En 2016-2017, le gouvernement a dépensé 36,1 millions de dollars en publicité. Une somme considérable, mais qui ne cesse de diminuer. Un an auparavant, la somme était de 42,2 millions de dollars, en baisse par rapport aux 68,7 millions de dollars de 2014-2015.

À l’époque, le ministère des Services publics et de l’Approvisionnement justifiait la réduction par la suspension obligatoire de la publicité pour l’élection fédérale. Mais cette année, même sans campagne, le budget a diminué de plus de 15 %.
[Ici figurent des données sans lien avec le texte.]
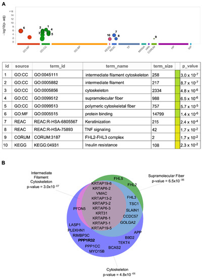 - Raudvere, U.; Kolberg, L.; Kuzmin, I.; Arak, T.; Adler, P.; Peterson, H.; Vilo, J. g:Profiler: A web server for functional enrichment analysis and conversions of gene lists (2019 update). Nucleic Acids Res. 2019, 47, W191–W198. [Google Scholar] [CrossRef] [PubMed]

« C’est une tendance lourde et donc ça ne me surprend pas vraiment. Pour la prochaine année, on s’attend à un investissement total annuel de moins de 75 000 dollars pour nos 27 radios membres », prévoit François Coté, directeur général de l’Alliance des radios communautaires (ARC) du Canada.
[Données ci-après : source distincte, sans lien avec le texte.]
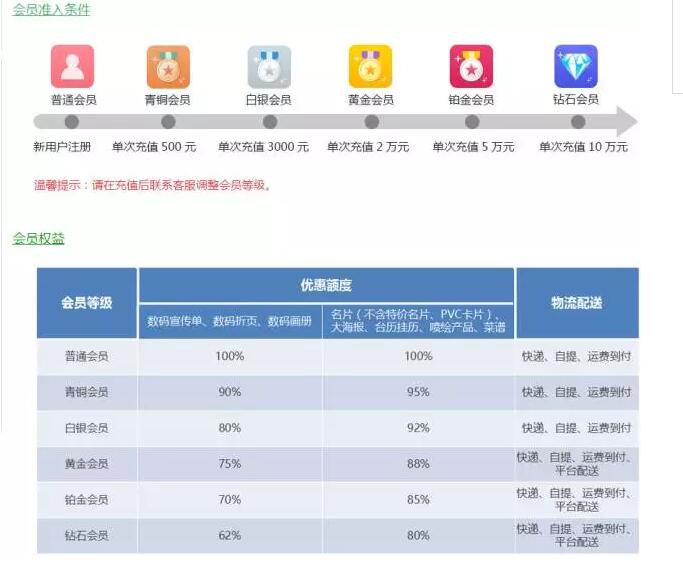 此外,針對會員體系調(diào)整,在普通會員的基礎(chǔ)上,新增了青銅、白銀、黃金、鉑金、鉆石五個會員等級,每個等級均有對應(yīng)的優(yōu)惠折算方式,級別越高,享受的優(yōu)惠折扣越大。

Il illustre l’impact des chiffres sur le terrain en citant la probable disparition de la radio francophone CKRP, à Rivière-la-Paix en Alberta.

« On vit l’impact de cette baisse tous les jours », renchérit le président de l’Association de la presse francophone (APF), Francis Sonier.

Le numérique domine

Pour la première fois, les dépenses en publicité numérique du gouvernement représentent plus de la moitié de l’enveloppe totale, soit 54,7 %. Les placements dans les médias sociaux ont atteint 23,3 %. Le ministère justifie cette stratégie en expliquant qu’il s’agit d’une « façon rentable de joindre les Canadiens dans la langue officielle de leur choix, peu importe où ils habitent ».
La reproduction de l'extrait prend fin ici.